Agreement between the primary oximetry‐derived indicator (ODI2.5_5) and the reference AHI was quantified using intraclass correlation coefficients (ICC; two‐way mixed‐effects model). Diagnostic classification performance at AHI thresholds of 5, 15, and 30 events/h was evaluated using sensitivity, specificity, accuracy, positive predictive value (PPV), negative predictive value (NPV), and Cohen's kappa.

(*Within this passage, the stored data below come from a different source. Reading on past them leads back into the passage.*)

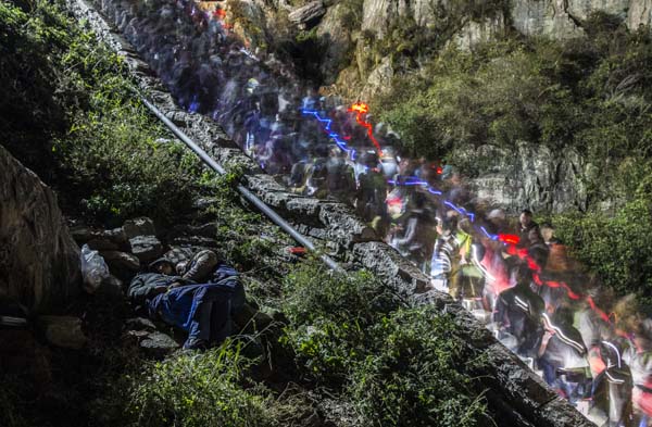 接近山顶南天门处两位游客躺在路边山石上睡着了,此时山路已经是人挨着人,需要一步一步缓慢挪动才能往前走。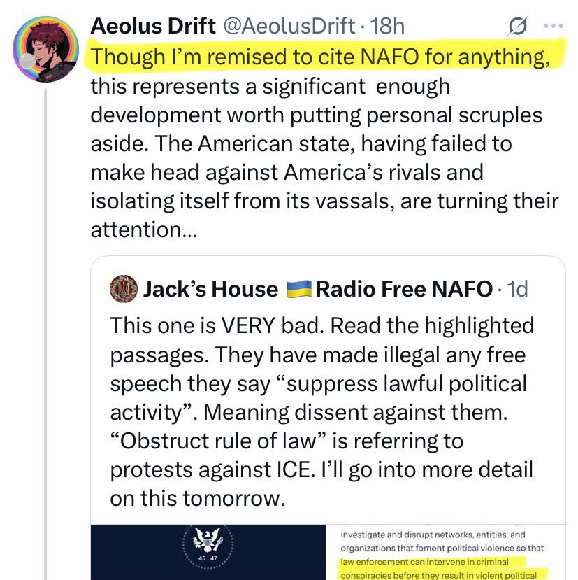 13) Or how about this guy who acts like it’s some kind of moral victory for himself to add a qualifier statement criticizing NAFO. The Left continues to sabotage themselves when Code Pink and Marjorie Taylor Greene say the same things about Ukraine that, by the way, Putin does.⬇️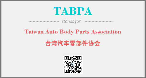 英文缩略词“TABPA”经常作为“Taiwan Auto Body Parts Association”的英文缩写来使用,中文表示:“台湾汽车零部件协会”。本文将详细介绍英文缩写词TABPA所代表英文单词,其对应的中文拼音、详细解释以及在英语中的流行度。此外,还有关于缩略词TABPA的分类、应用领域及相关应用示例等。
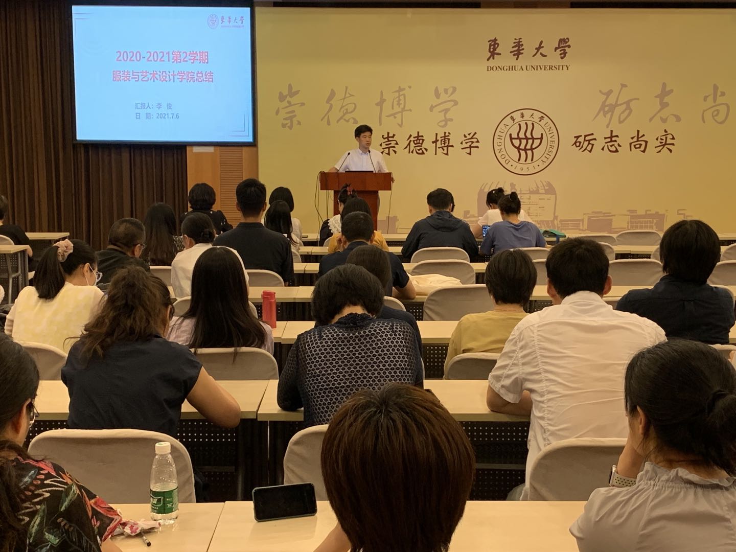 院长李俊表示,基于本学院学生多、学科多、生师比高的院情,建设“美好学院、时尚大家”的愿景,学院稳步朝向国内领先、国际一流的以服装科技与时尚设计为特色的艺术设计学院的目标迈进。他代表学院行政班子,全面介绍学科建设、师资队伍、人才培养、创研活动、办学条件、国际合作和社会服务等方面取得的工作进展和喜人成绩。他感谢全院师生的共同努力,鼓励大家再接再厉,争取在下半年工作中取得更大进步。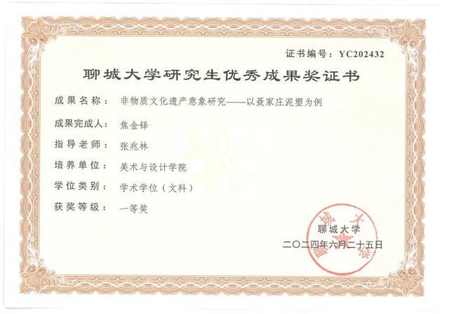 2024年11月论文《鲁东地区“拴娃娃”民俗研究——以高密聂家庄“泥娃娃”为例》荣获第六届“光祈杯”全国高校艺术学科员工论文比赛研究生组三等奖;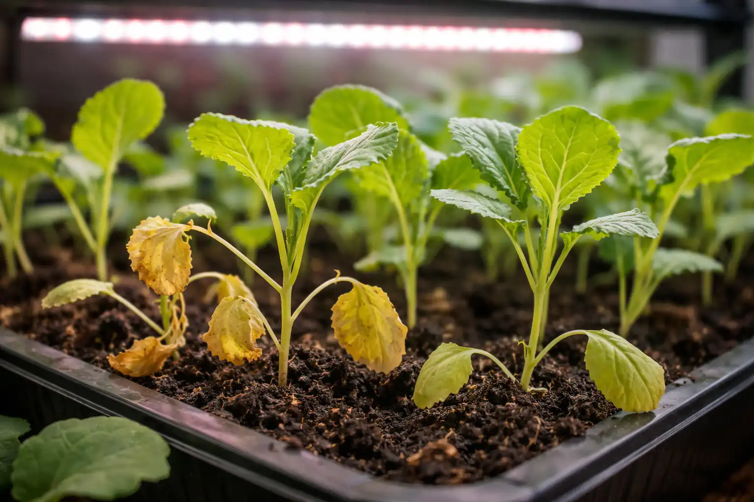 Kai sodinukai stovi ant šiaurinio lango arba kambario gale, jie išleidžia visus išteklius ieško šviesos šaltinio. Dėl to audiniai plonėja, o net šiek tiek pakilus temperatūrai patalpoje drėgmė išgaruoja greičiau, nei šaknys gali ją išpumpuoti. Tai yra tiesioginis kelias į visos sodinamosios medžiagos partijos mirtį.

For ODI2.5_5, classification was performed using the corresponding fixed severity thresholds (i.e., ODI2.5_5 ≥ 5/15/30 events/h). For continuous hypoxemia indicators (CT90, CT95, and LSpO_2_, where applicable), discriminative performance was assessed at the same AHI thresholds using the same classification metrics, with optimal cutoffs determined as specified in the tables. All analyses were performed using Python 3.11 (SciPy and scikit‐learn) and SPSS Statistics 24 (IBM Corp., USA).
Results
3
Participant Flow and Baseline Characteristics
3.1
Of the 578 initially enrolled participants, 46 were excluded due to equipment‐related failures, including prolonged loss of the nasal airflow signal (> 1 h), insufficient total recording or sleep time (< 3 h), or persistently poor signal quality. An additional 57 participants were excluded because the total recording time differed by > 2 h between the PM50‐B and the paired reference study, precluding time‐aligned comparison. The final analytic cohort therefore comprised 475 participants, including Type I PSG (n = 37), Type II PSG (n = 32), and Type III HSAT (n = 406). Demographic and clinical characteristics are summarized in Table 1. Baseline nocturnal respiratory and oxygenation indices—including the AHI, oxygen desaturation indices, LSpO_2_, and cumulative hypoxemia metrics—are provided in Table S1.
Performance Screening of ODI Variants and Primary Metric Selection
3.2
We evaluated multiple prespecified parameterizations of the ODI derived from PM50‐B SpO_2_ (Table S2). Across the evaluated ODI definitions, Pearson correlations with the reference AHI ranged from r = 0.752 to 0.772, with corresponding R ^2^ = 0.566–0.597. Among ODI candidates, ODI2.5_5 demonstrated the most favorable overall profile and was therefore selected as the primary PM50‐B–derived metric for downstream analyses, showing r = 0.765, R ^2^ = 0.586, RMSE = 14.176 events/h, MAE = 8.983 events/h, and mean bias = −2.397 events/h. Agreement with AHI for ODI2.5_5 was moderate (ICC = 0.710), with Bland–Altman limits of agreement of 25.018 and −29.811 events/h (LoA range 54.830 events/h).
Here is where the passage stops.